Friday, March 12, 2004

The Fog Rolled In

I am so tired lately, a bone-weariness that permeates every fiber, every bone, every muscle. It's not exactly depression, which has been an uneasy companion of mine for many years, but it seems like a close cousin to it. There is a fog around my head, and this unbearable and embarrassing sloth that keeps me from catching up with everything - work, bills, laundry, correspondence. I have only enough energy for the things I feel I need to do, and as soon as those things are done, it's right back to napping for me. But it's never enough sleep before it's time to drag the carcass out of bed or off the couch, and face the endless "to-do" list that never gets done.

What's strange about this is that I can't put my finger on when it began, nor can I point to any one thing that is the cause.
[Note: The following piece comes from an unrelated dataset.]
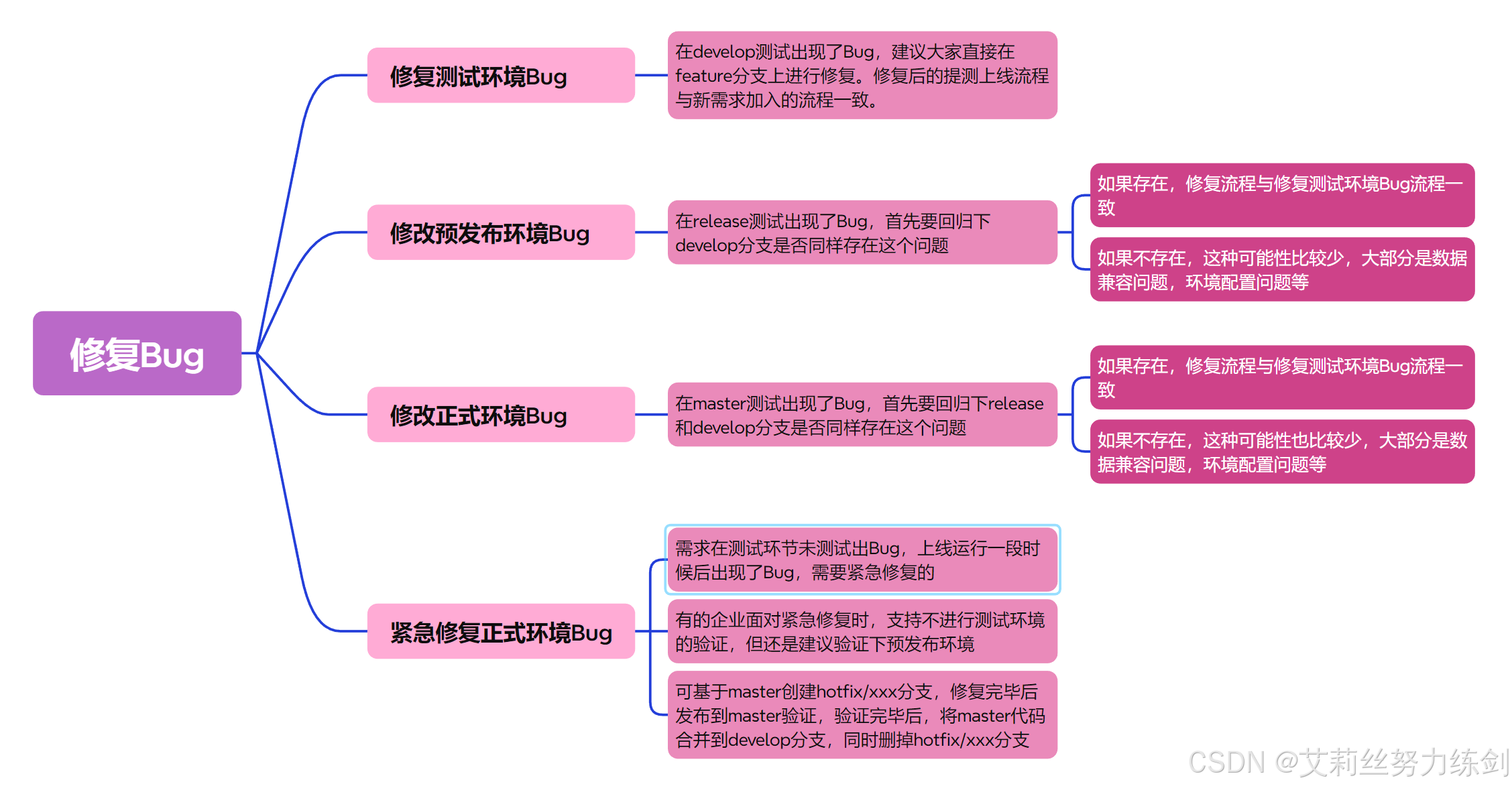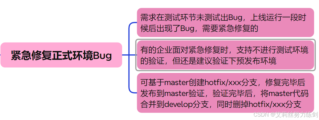 (1)hotfix分支为线上bug修复分支或叫补丁分支,主要用于对线上的版本进行bug修复。**当线上出现紧急问题需要马上修复时,**需要基于master分支创建hotfix分支;

It's a little of everything, and this depression, or whatever ails me, rolled in like a fog, quietly and imperceptively, until I was completely surrounded and lost in it.

The depression I was used to before was a little different. I became adept at recognizing the symptoms when a depression was coming on, because I experienced it as a nearly a physical sensation. Tendrils of doubt and loss would begin to sprout in my head, around my ears, and snake their way into my brain. I would become aware of whisps of thought intruding into my train of thought, reminders of problems, failures, and a sensation of guilt, shame and helplessness. I'd push away the negative thoughts and carry on with whatever activity I was engaged in, but over a period of days or weeks, the tendrils would grow and start to intertwine inside my forehead, until I felt almost a pressure pushing inward, and a dull ache behind my eyes. The pressure would extend downward, and I became aware of an invisible mask covering my face, causing that "flattening of affect" that psychologists like to refer to, making it difficult to express myself with facial gestures. I image that it must be similar to the facial paralysis that can be brought on by too much botox. It was so much like a sinus headache that I would have thought it to be just that, were it not accompanied by the spiral of sad thoughts.

In recent years, I figured out the difference between a momentary unhappiness, a hormonal swing, and the "real deal". This wasn't an easy feat, mind you, and it took years of therapy, both talking and pharmacological, to get me to the point where I knew when to ask for help.

But this is different. While in its grip in years past, I wasn't able to find amusement in anything, and the idea of going on some of the outings I've been on very recently would have been unthinkable. The strange thing here is, as soon as I am done with the amusement, or I am left alone, the fog rolls right back in, and I am in the soft grey cushion of sadness again. Were I not the one experiencing this, I would hear all this and think that someone was just making excuses for being lazy. But I am not naturally a lazy person, which only adds to the degree of frustration and humiliation I experience with myself for giving in to the sloth.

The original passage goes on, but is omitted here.